**What the task asks**
Every line in the listing below from the one with "Є тканинна ізолента" through the one with "2015.4.25.<< 연합뉴스DB >>" is to be reproduced exactly, both ends included; leave out the rest.

**Material provided**
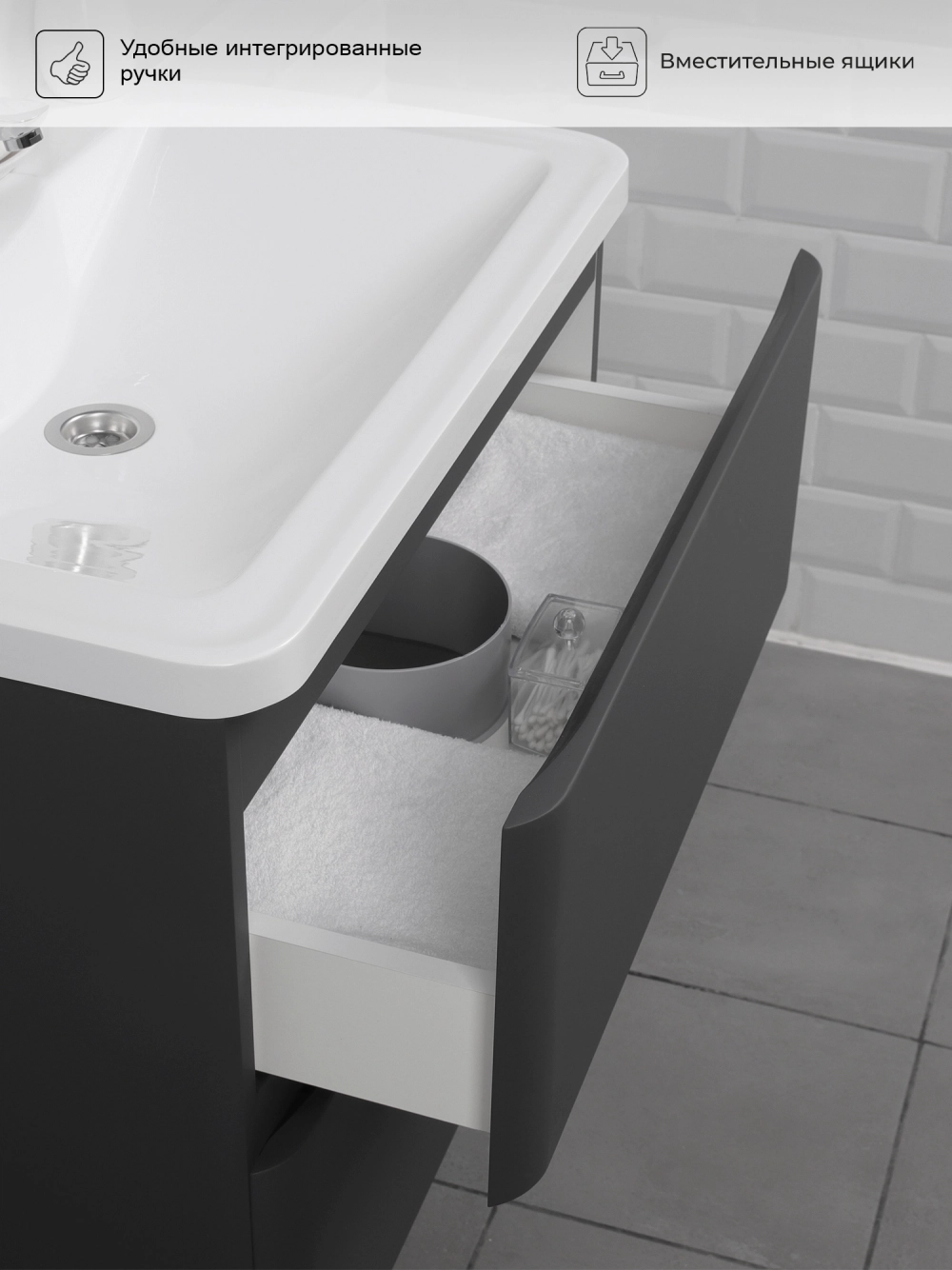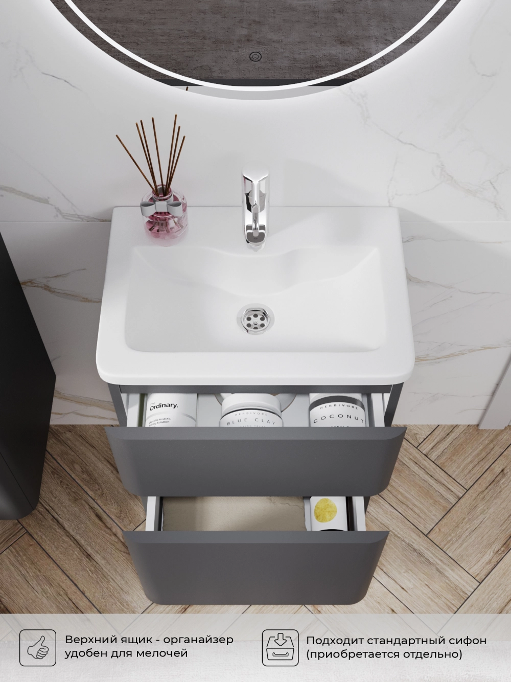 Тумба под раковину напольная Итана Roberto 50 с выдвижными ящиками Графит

* * *

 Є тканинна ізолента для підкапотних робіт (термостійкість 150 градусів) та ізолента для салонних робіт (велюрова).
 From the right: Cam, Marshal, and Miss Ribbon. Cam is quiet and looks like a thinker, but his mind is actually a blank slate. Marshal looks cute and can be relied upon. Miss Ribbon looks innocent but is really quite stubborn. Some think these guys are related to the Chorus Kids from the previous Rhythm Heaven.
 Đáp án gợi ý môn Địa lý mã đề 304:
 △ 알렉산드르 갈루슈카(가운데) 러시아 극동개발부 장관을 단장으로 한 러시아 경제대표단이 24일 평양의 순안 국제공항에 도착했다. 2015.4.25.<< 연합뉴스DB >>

==

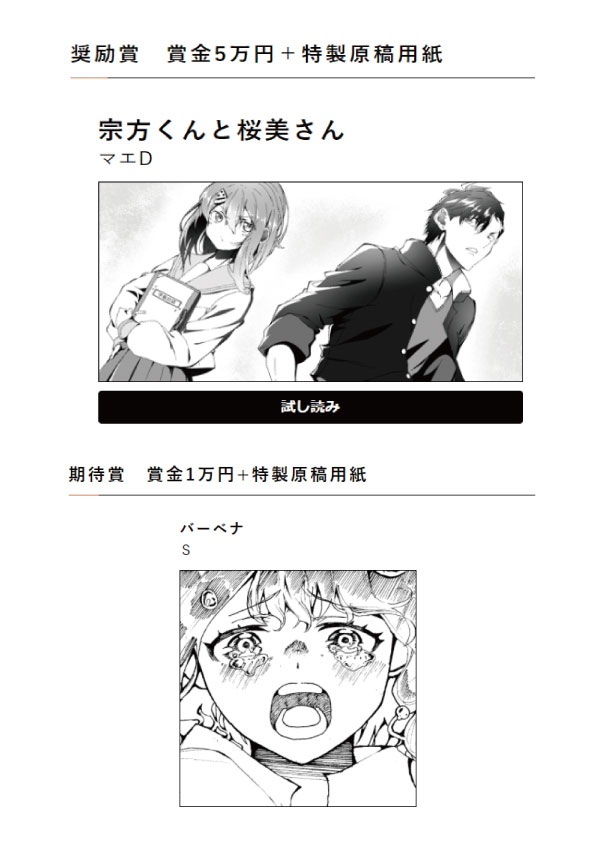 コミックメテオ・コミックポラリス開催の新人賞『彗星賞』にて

**Solution for this task**
 Є тканинна ізолента для підкапотних робіт (термостійкість 150 градусів) та ізолента для салонних робіт (велюрова).
 From the right: Cam, Marshal, and Miss Ribbon. Cam is quiet and looks like a thinker, but his mind is actually a blank slate. Marshal looks cute and can be relied upon. Miss Ribbon looks innocent but is really quite stubborn. Some think these guys are related to the Chorus Kids from the previous Rhythm Heaven.
 Đáp án gợi ý môn Địa lý mã đề 304:
 △ 알렉산드르 갈루슈카(가운데) 러시아 극동개발부 장관을 단장으로 한 러시아 경제대표단이 24일 평양의 순안 국제공항에 도착했다. 2015.4.25.<< 연합뉴스DB >>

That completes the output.